### Work task:
Nothing but the records, repeated word for word and free of pictures, belongs in the answer.

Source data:
┌──
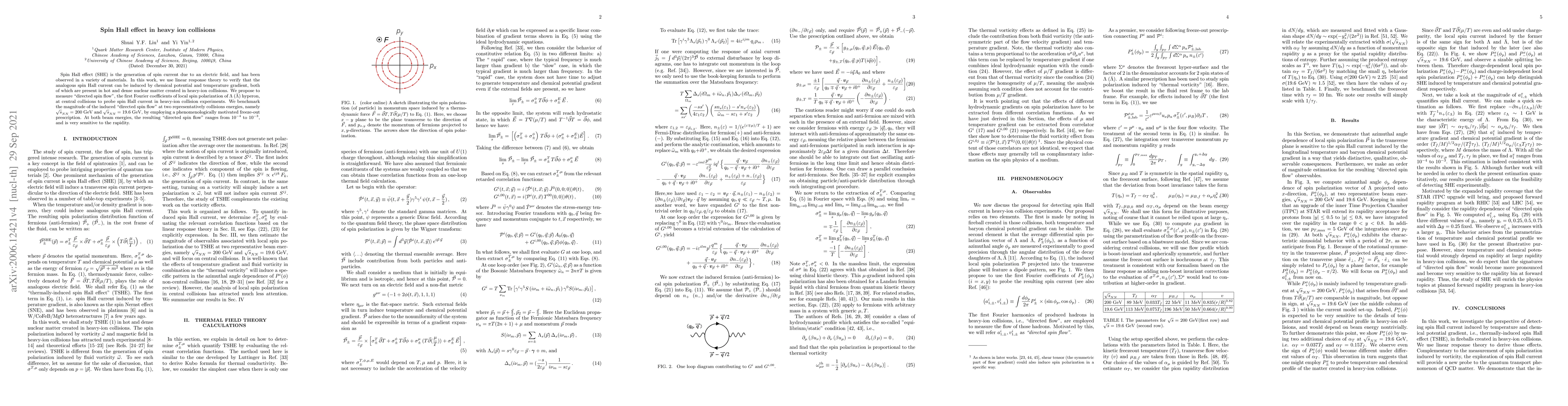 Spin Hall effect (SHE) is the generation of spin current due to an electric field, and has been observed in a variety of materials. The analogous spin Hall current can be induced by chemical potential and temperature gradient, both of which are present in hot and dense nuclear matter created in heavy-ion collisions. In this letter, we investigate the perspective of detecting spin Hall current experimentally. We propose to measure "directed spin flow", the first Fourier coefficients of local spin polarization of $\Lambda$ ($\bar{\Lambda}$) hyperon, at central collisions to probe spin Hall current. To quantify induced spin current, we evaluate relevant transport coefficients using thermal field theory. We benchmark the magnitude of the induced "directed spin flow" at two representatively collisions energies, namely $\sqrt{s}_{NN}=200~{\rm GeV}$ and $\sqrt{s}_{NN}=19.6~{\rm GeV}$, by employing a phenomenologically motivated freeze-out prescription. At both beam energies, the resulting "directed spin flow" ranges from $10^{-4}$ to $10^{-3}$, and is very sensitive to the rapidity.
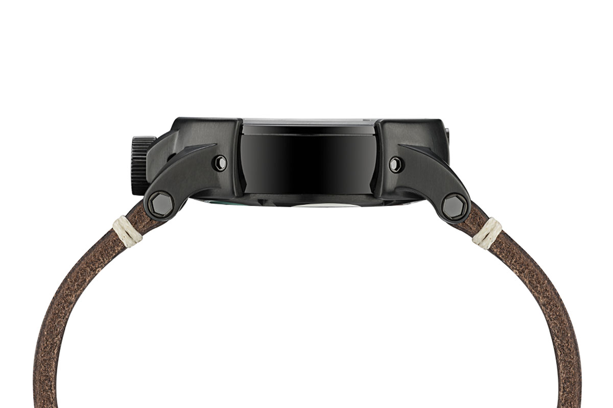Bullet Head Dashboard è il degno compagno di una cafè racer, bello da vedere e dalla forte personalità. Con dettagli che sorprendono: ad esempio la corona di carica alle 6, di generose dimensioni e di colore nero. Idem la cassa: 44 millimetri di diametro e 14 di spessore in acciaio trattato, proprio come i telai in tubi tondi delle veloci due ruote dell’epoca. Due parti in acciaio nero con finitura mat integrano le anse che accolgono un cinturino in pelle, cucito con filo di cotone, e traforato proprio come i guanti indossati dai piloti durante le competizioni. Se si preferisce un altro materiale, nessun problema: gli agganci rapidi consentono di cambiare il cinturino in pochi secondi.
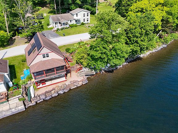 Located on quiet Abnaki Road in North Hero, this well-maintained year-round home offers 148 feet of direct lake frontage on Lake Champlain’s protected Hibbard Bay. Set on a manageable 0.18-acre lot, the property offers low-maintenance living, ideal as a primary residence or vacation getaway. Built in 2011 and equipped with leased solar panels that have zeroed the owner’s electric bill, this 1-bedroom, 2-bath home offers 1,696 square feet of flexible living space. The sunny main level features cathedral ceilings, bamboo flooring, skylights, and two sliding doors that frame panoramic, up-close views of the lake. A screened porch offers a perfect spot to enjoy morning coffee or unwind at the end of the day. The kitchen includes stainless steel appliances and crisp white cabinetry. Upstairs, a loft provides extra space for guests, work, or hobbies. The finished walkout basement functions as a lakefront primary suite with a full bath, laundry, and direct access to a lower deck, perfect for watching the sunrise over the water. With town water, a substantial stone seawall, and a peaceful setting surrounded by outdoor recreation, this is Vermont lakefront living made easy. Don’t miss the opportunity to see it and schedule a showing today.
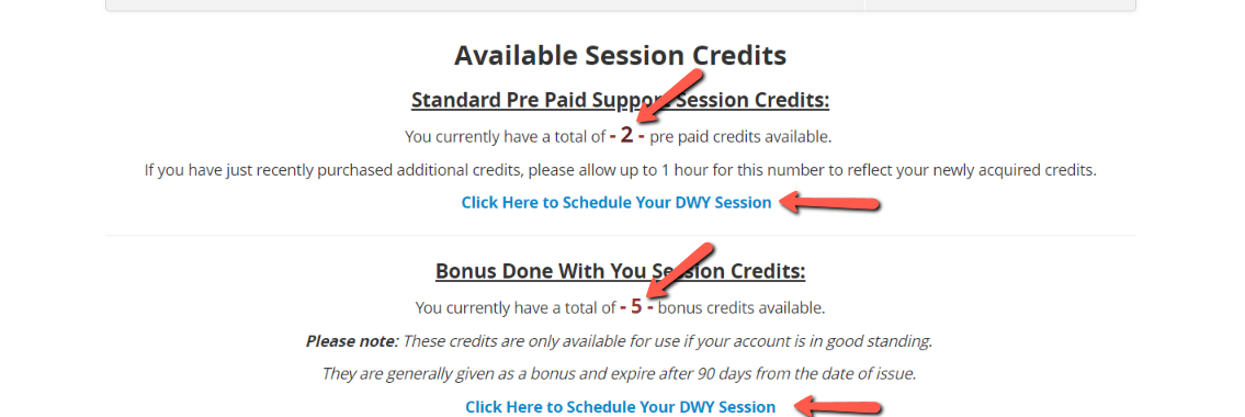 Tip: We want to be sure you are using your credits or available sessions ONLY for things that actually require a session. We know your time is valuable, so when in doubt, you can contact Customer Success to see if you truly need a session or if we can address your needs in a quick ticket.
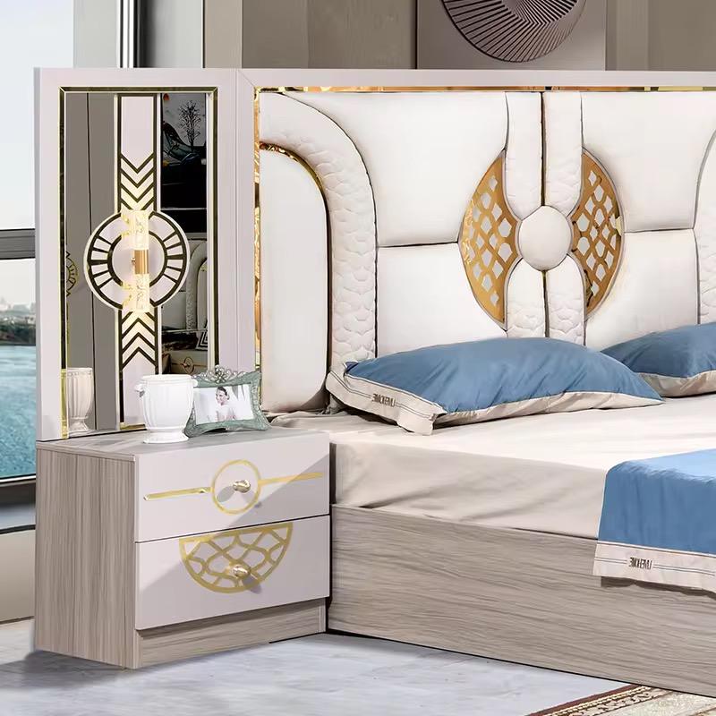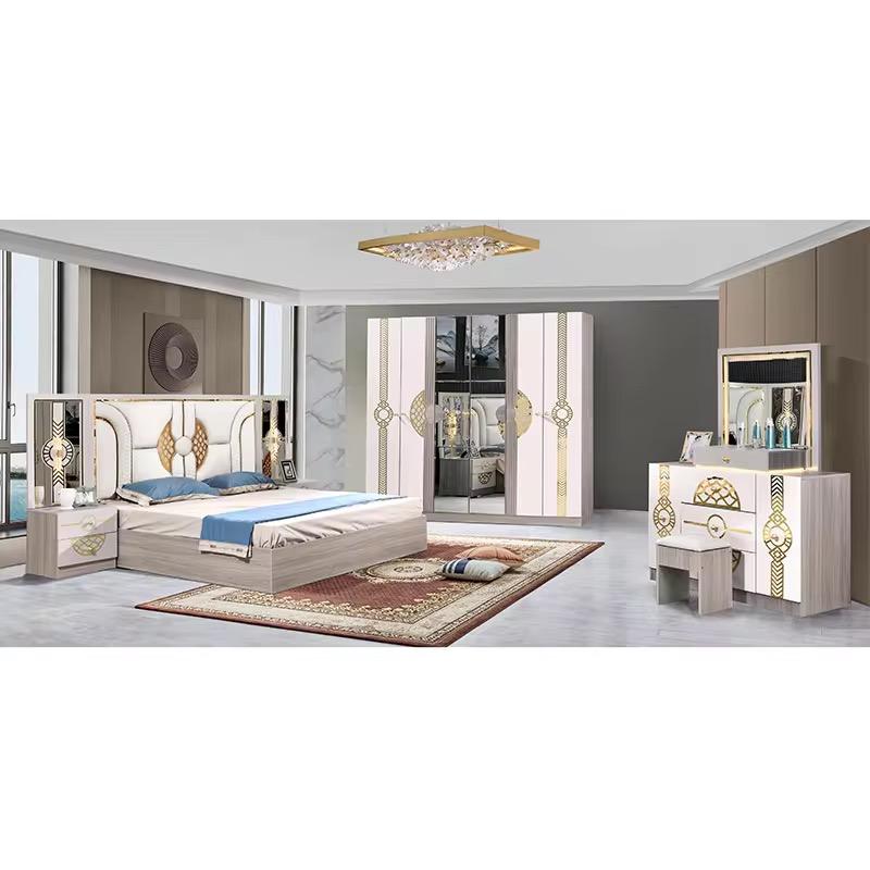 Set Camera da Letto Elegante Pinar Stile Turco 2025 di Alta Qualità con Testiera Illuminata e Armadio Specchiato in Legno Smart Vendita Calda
└──
### Answer for the task:
 Spin Hall effect (SHE) is the generation of spin current due to an electric field, and has been observed in a variety of materials. The analogous spin Hall current can be induced by chemical potential and temperature gradient, both of which are present in hot and dense nuclear matter created in heavy-ion collisions. In this letter, we investigate the perspective of detecting spin Hall current experimentally. We propose to measure "directed spin flow", the first Fourier coefficients of local spin polarization of $\Lambda$ ($\bar{\Lambda}$) hyperon, at central collisions to probe spin Hall current. To quantify induced spin current, we evaluate relevant transport coefficients using thermal field theory. We benchmark the magnitude of the induced "directed spin flow" at two representatively collisions energies, namely $\sqrt{s}_{NN}=200~{\rm GeV}$ and $\sqrt{s}_{NN}=19.6~{\rm GeV}$, by employing a phenomenologically motivated freeze-out prescription. At both beam energies, the resulting "directed spin flow" ranges from $10^{-4}$ to $10^{-3}$, and is very sensitive to the rapidity.
Bullet Head Dashboard è il degno compagno di una cafè racer, bello da vedere e dalla forte personalità. Con dettagli che sorprendono: ad esempio la corona di carica alle 6, di generose dimensioni e di colore nero. Idem la cassa: 44 millimetri di diametro e 14 di spessore in acciaio trattato, proprio come i telai in tubi tondi delle veloci due ruote dell’epoca. Due parti in acciaio nero con finitura mat integrano le anse che accolgono un cinturino in pelle, cucito con filo di cotone, e traforato proprio come i guanti indossati dai piloti durante le competizioni. Se si preferisce un altro materiale, nessun problema: gli agganci rapidi consentono di cambiare il cinturino in pochi secondi.
 Located on quiet Abnaki Road in North Hero, this well-maintained year-round home offers 148 feet of direct lake frontage on Lake Champlain’s protected Hibbard Bay. Set on a manageable 0.18-acre lot, the property offers low-maintenance living, ideal as a primary residence or vacation getaway. Built in 2011 and equipped with leased solar panels that have zeroed the owner’s electric bill, this 1-bedroom, 2-bath home offers 1,696 square feet of flexible living space. The sunny main level features cathedral ceilings, bamboo flooring, skylights, and two sliding doors that frame panoramic, up-close views of the lake. A screened porch offers a perfect spot to enjoy morning coffee or unwind at the end of the day. The kitchen includes stainless steel appliances and crisp white cabinetry. Upstairs, a loft provides extra space for guests, work, or hobbies. The finished walkout basement functions as a lakefront primary suite with a full bath, laundry, and direct access to a lower deck, perfect for watching the sunrise over the water. With town water, a substantial stone seawall, and a peaceful setting surrounded by outdoor recreation, this is Vermont lakefront living made easy. Don’t miss the opportunity to see it and schedule a showing today.
 Tip: We want to be sure you are using your credits or available sessions ONLY for things that actually require a session. We know your time is valuable, so when in doubt, you can contact Customer Success to see if you truly need a session or if we can address your needs in a quick ticket.
 Set Camera da Letto Elegante Pinar Stile Turco 2025 di Alta Qualità con Testiera Illuminata e Armadio Specchiato in Legno Smart Vendita Calda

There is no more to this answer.